La bellezza di essere cattolici

Fu tra gli anni ’50 e ’60 che iniziò il successo di Para salvarte, manuale che aveva concepito appena dopo la guerra, raccogliendo gli appunti delle sue tenzoni apologetiche in ogni dove. Pian piano divenne un bestseller e si diffuse a macchia d’olio anche negli Stati Uniti e in America Latina. Nel 1999 è nato in Colombia pure un movimento di apostolato ispirato allo stile di padre Loring e che usa Para salvarte come testo di formazione, si chiama Lazos de Amor Mariano.

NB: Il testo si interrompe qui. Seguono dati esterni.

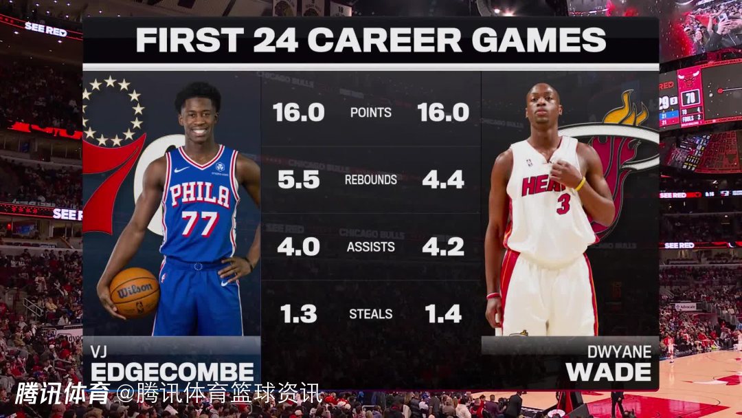 在今日76人队102-109输给公牛队的比赛中,埃奇库姆出战33分钟,13投4中(三分球5投0中)得到10分7篮板3助攻1抢断。在今日比赛期间,转播方曾晒出了埃奇库姆和韦德生涯前24场比赛的数据对比,两人的数据很接近。
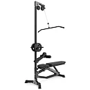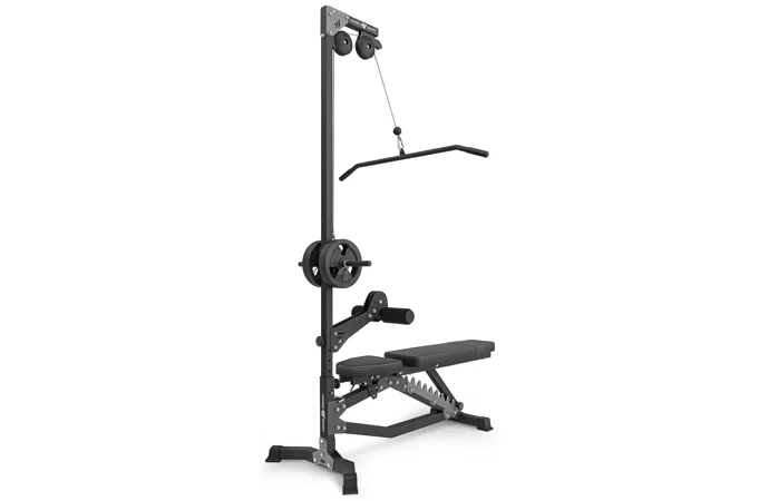 Dobrý den, výrobce uvádí maximální zatížení kladky 130 kg, což nepovažuji úplně za reálné, nicméně věřím, že s cca 50-70 kg na lavici cvičit ještě půjde, což je patrně dostatečné. Osobně jsem to ale v reálu nezkoušel, tuto kladku nemáme na prodejně fyzicky vystavenou.
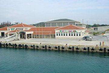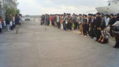 定刻通り、洛陽工業高校研修旅行団は伊是名島に上陸しました。今日は、波が高く船に酔った生徒もいました。下船後、仲田港で入村式を行いました。式の後、生徒たちは各家庭へと移動します。
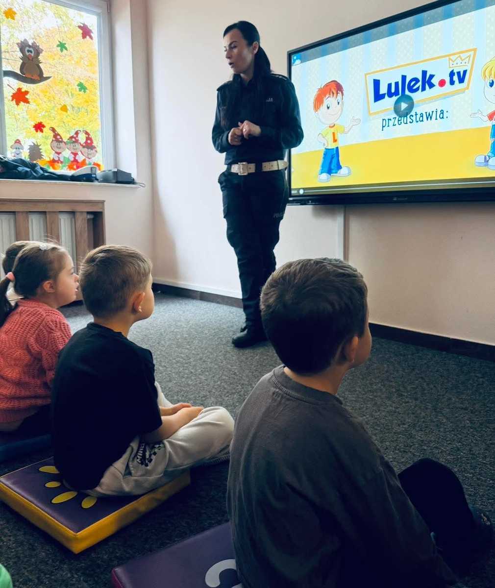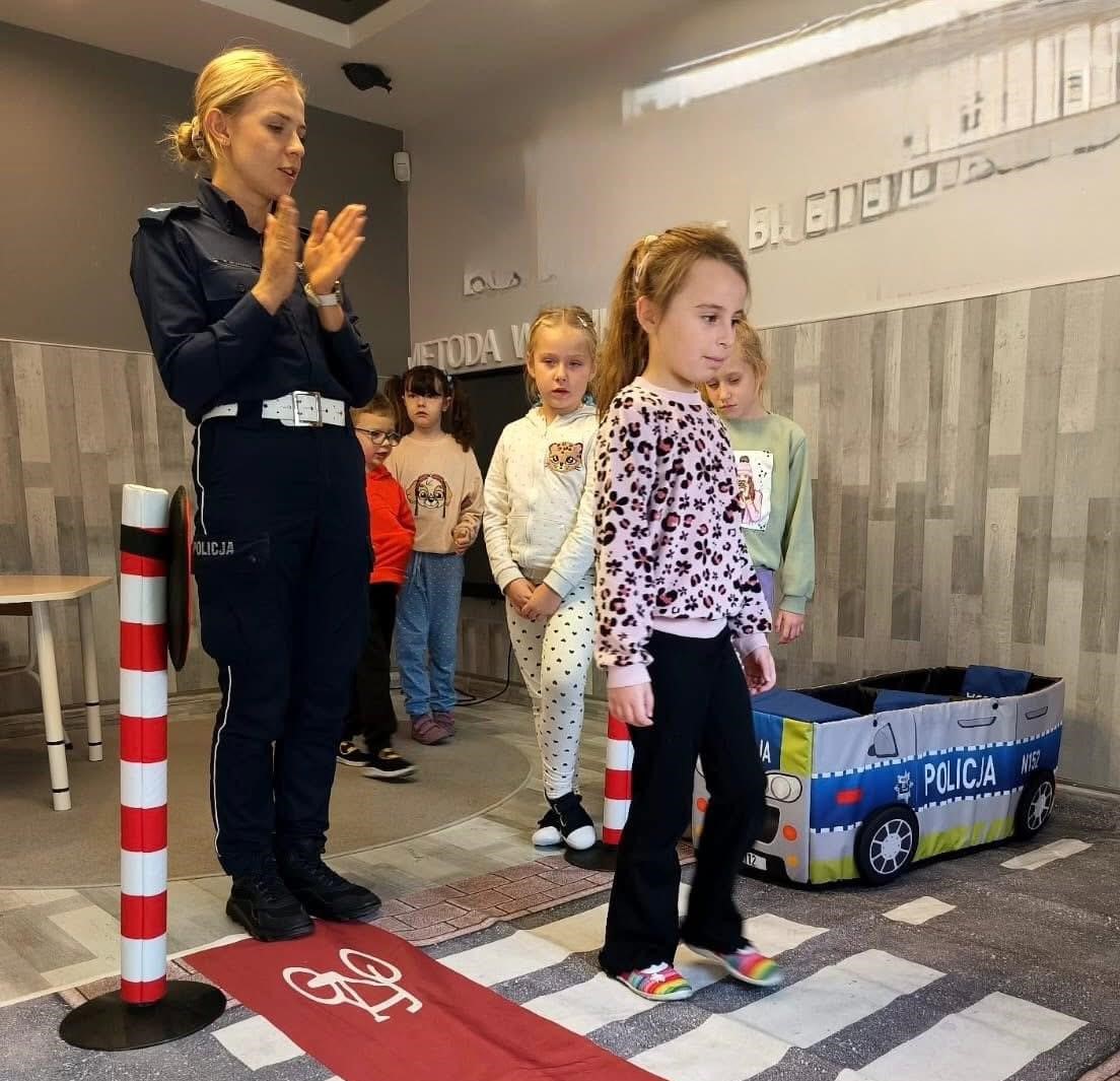W ramach działań profilaktycznych mundurowe z drogówki spotkały się z przedszkolakami, aby poprzez zabawę, rozmowę i praktyczne ćwiczenia nauczyć najmłodszych zasad bezpiecznego poruszania się po drogach.
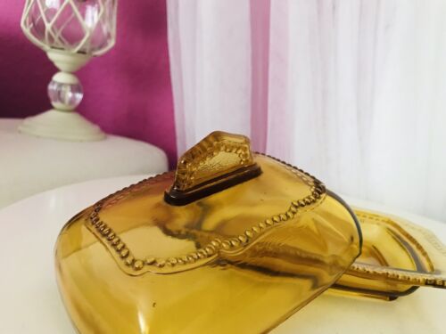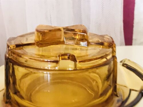 Antik Art Déco Glas Pressglas Butterglocke Butterdose Bernstein Gelb Tauperle
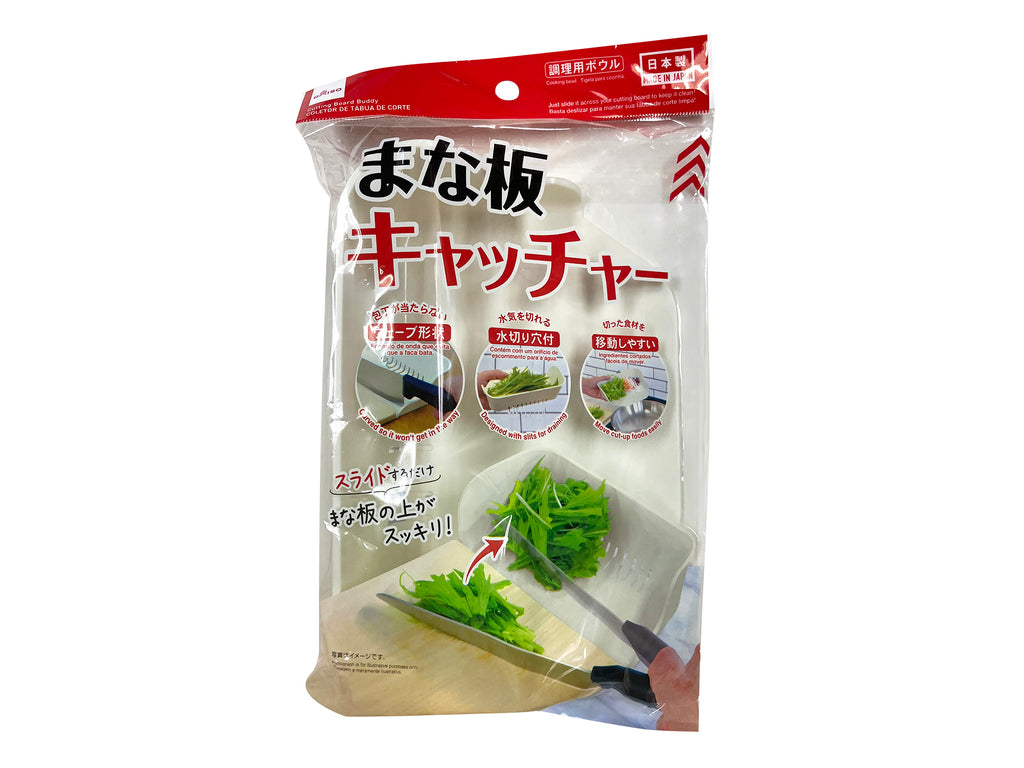 まな板キャッチャーをまな板の下に差し込みます。 切った食材をスライドさせ、まな板キャッチャーに移します。 受幅約18cm まな板●食器洗い乾燥機を使用する際は、取扱説明書を確認してから使用してください。 食器洗い機●使用後は食器用洗剤で洗い、乾燥させてください。なし●食材によっては本品に色がつくことがありますが、品質上問題はありません。 ●熱い鍋など加熱したものをのせないでください。●初めて使用する際は、食器用洗剤等で水洗いしてください。●たわし、又はクレンザーは使用しないでください。●平らな場所で使用してください。●火や熱源のそばに置かないでください。●本来の用途以外に使用しないでください。
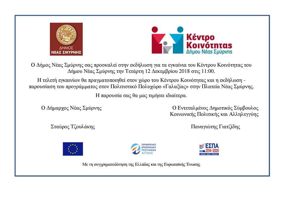 Εγκαίνια του Κέντρου κοινότητας Νέας Σμύρνης – Πληροφορίες για τη λειτουργία και τη δομή του
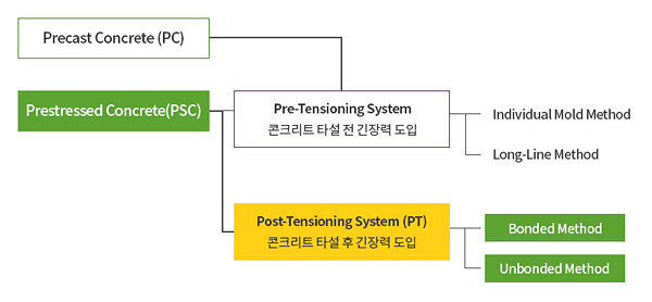 이러한 콘크리트의 인장력 한계를 보완하기 위해 개발된 것이 PSC(Prestressed concrete)입니다. PSC는 미리 콘크리트 내부에 강선과 같은 인장재를 넣어 힘을 주는 기법입니다. 포스트텐션(Post-tension)은 PSC 기법의 한 종류로, 콘크리트가 굳은 후 내부에 배치된 강선을 긴장시켜서 압축력을 가해 강도와 내구성을 높이는 기술입니다. 강현구 교수님께서는 이 분야에서 세계 최고 수준의 연구를 진행하시며, 최근에는 스마트 포스트텐션 기술을 개발하여, 건물의 안정성이 작업자의 숙련도에 의존하지 않도록 가해지는 힘을 실시간으로 모니터링하고 관리할 수 있는 혁신적인 시스템을 구축하고 계십니다.
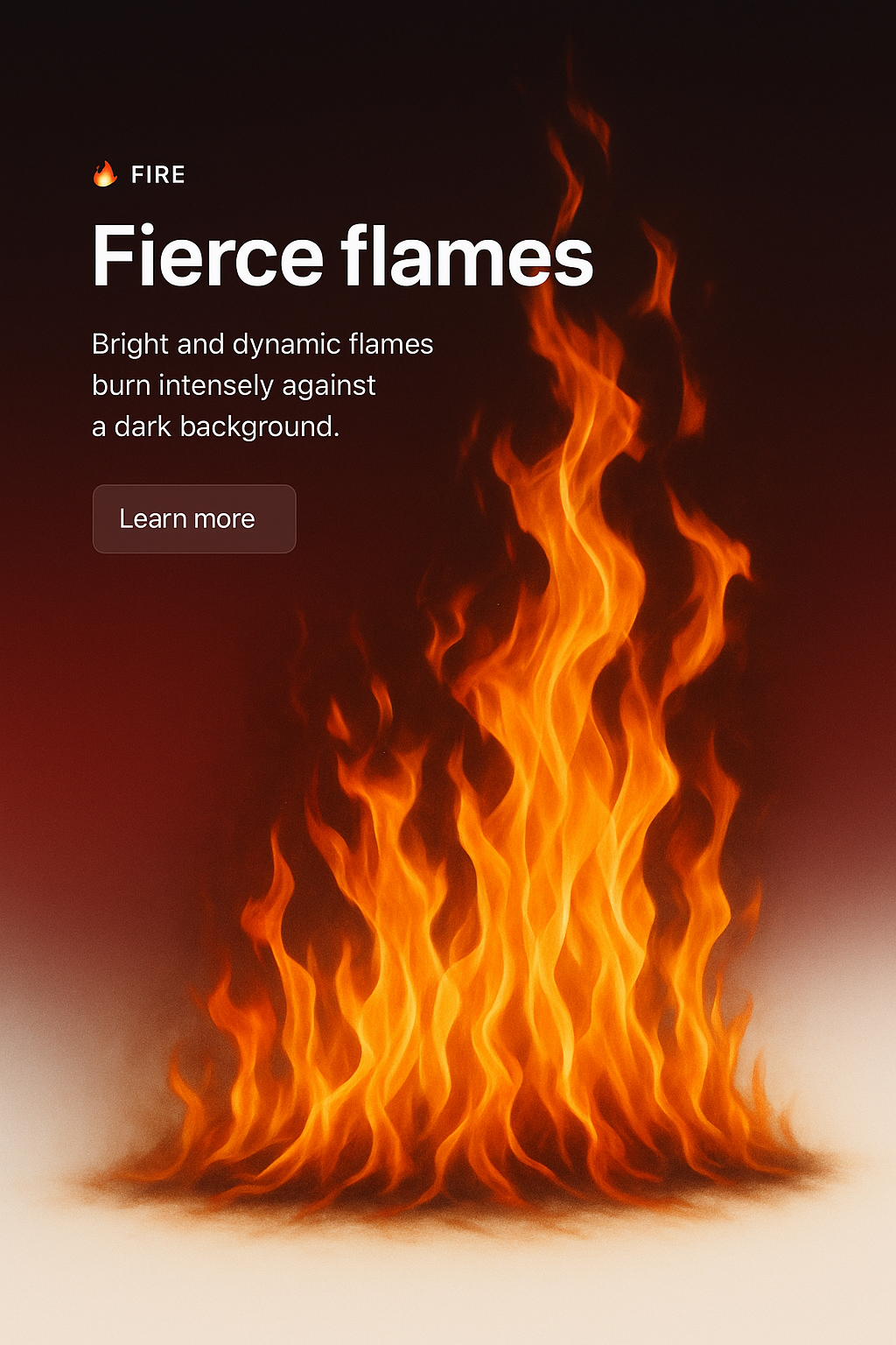 An illustration of fierce, dynamic fire flames set against a dark gradient background. The design is ideal for web use, featuring a clear call to action.

Nel mezzo della vita di questo vulcanico religioso ci fu il Concilio, con tutto l’entusiasmo e le turbolenze che comportò, anche e soprattutto fra i gesuiti: in Spagna un nutrito gruppo in rotta con il generalato di Arrupe arrivò a chiedere a Paolo VI la possibilità di formare una provincia autonoma, alla dirette dipendenze da Roma. Il padre Loring attraversò quegli sconquassi con naturalezza. Non si lamentò mai, non contestò nulla, accettò tutto sorridendo. Gli interessava solo portare le anime a Dio. Parlava in continuazione del valore della Messa, che «glorifica Dio più della gloria che gli danno tutti i santi del Cielo, compresa la Beata Vergine Maria per tutta l’eternità: perché la gloria dei santi e della Vergine è gloria di creature, mentre nella Messa è Cristo Dio che si sacrifica». Spronava a prepararsi quotidianamente alla morte e a chi non sapeva a memoria l’Atto di dolore spiegava la preghiera più breve possibile per un atto completo di contrizione, da tenere pronta di fronte alla morte improvvisa – la insegnò ai paracadutisti dell’esercito – o da recitare prima di addormentarsi: Dio mio perdonami. E gli interessava «ragionare sulla fede, risolvere dubbi e trasmettere l’ottimismo di essere cattolici». Negli anni ’90 partecipò a un ritiro diretto dal gesuita indiano Anthony De Mello, in cui costui insegnava a concentrarsi sul respiro e su altri aspetti fisiologici come via per l’orazione. «Ascolta Tony – lo interruppe Loring fra lo stupore generale – io per parlare con Dio non ho bisogno di passare un’ora a controllare la quantità d’aria che mi passa per le narici e a sentire le palpitazioni del cuore toccandomi l’alluce. Io entro in cappella, mi inginocchio e nel giro di un minuto sto parlando con Dio. Il Dio cristiano è un padre vicino. Quello che tu dici puzza di buddismo ». Nel 1998 la Congregazione per la dottrina della fede censurò formalmente De Mello.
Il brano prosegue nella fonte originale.